Vietnam is a country with a plethora of natural beauty which manifests in many different ways. And with 2025 miles of coastline, the country’s beaches are perhaps the pinnacle of that beauty. The characteristics of these beaches vary widely—some feature pristine natural beauty, while others have been developed and cater to millions of resort-seeking tourists each year. But no matter how developed, these beaches share two universal qualities — rich history and great seafood.
Saigon, Vietnam’s largest city, lies 1 hour from the East Sea. A quick hydrofoil boat ride will bring you to the coast in no time. But if you’re looking for a really special beach, you can take a 5 hour bus ride up to Mui Ne, a quickly developing beach town that has been popular with Russian tourists for decades. And with good reason—not only does Mui Ne feature great beaches but also two types of sand dunes where you can rent sleds and slide down the sandy peaks, reminiscent of childhood snow days. The seaside is flanked by outdoor seafood restaurants with dozens of fish tanks displaying the day’s catch. From crabs to eel to mussels, these places have it all and at a very reasonable price.
A Few more hours up the coast lies the booming city of Nha Trang. Like the rest of Vietnam’s cities, Nha Trang has benefited greatly from a large influx of foreign investment that has transformed this once sleepy beachside town into a rapidly growing commercial and tourist center. Rich in history, Nha Trang not only sports one of Vietnam’s premier resorts—Vinpearl—but also some amazing ruins from the former Cham empire.
Continuing farther north, you’ll find Da Nang and Hoi An, cities particularly rich in natural beauty and history. Da Nang, once a major U.S. airbase, has shed its post-war cocoon and has evolved into one of the country’s most developed resort towns. The World Heritage UNESCO town of Hoi An is situated forty-five minutes from Da Nang. The road between the two towns is lined with monolithic 5 star resorts and villas that are quickly being snatched up by foreigners and wealthy Vietnamese.
Upon arriving in Hoi An, the picture changes quickly. Starting in the 15th century, the town became the country’s first truly international port. The Portuguese arrived in 1535 seeking to establish a major trade center. Later centuries witnessed the arrival of the Chinese and Japanese (who believed that the “heart of all Asia” lay in the ground beneath the town) merchants which put Hoi An in the fortuitous position as the main trade conduit between Europe, China, India and Japan.
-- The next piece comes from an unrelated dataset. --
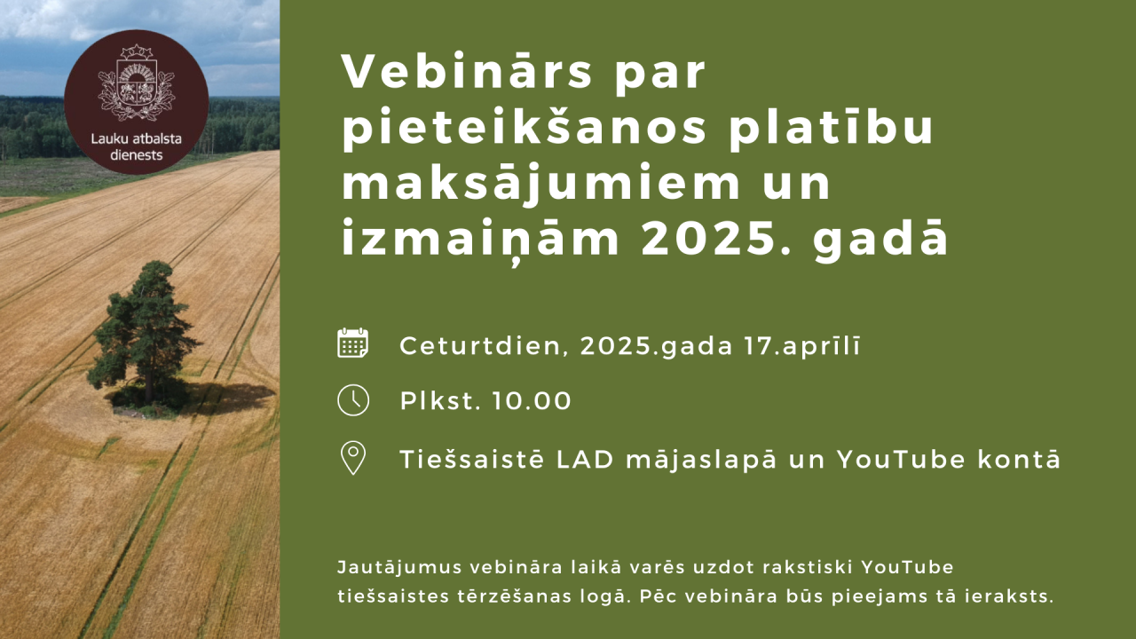 17.aprīlī plkst. 10.00 lauksaimnieki ir aicināti piedalīties vebinārā, kura laikā Lauku atbalsta dienesta speciālisti pastāstīs par pieteikšanos platību maksājumiem, nosacījumiem to saņemšanai, kā arī gaidāmajām izmaiņām 2025. gadā.

Along with the economic benefits of being a trading hub, wealthy merchants built beautiful houses, canals, and other infrastructure projects such as the famous Japanese Bridge.
Eventually, the town’s economic status declined after a rebellion gave exclusive trade rights to Da Nang. While losing economic power, its beautiful architecture was preserved and when walking around the town today, it feels like you’re in a fairy tale or, at the very least, that you’ve managed to get your hands on a time machine.
Vietnam’s traditionally costal development has created some truly beautiful seaside towns and cities. Whether you’re after great food, pristine beaches or amazing culture, Vietnam is the place to visit.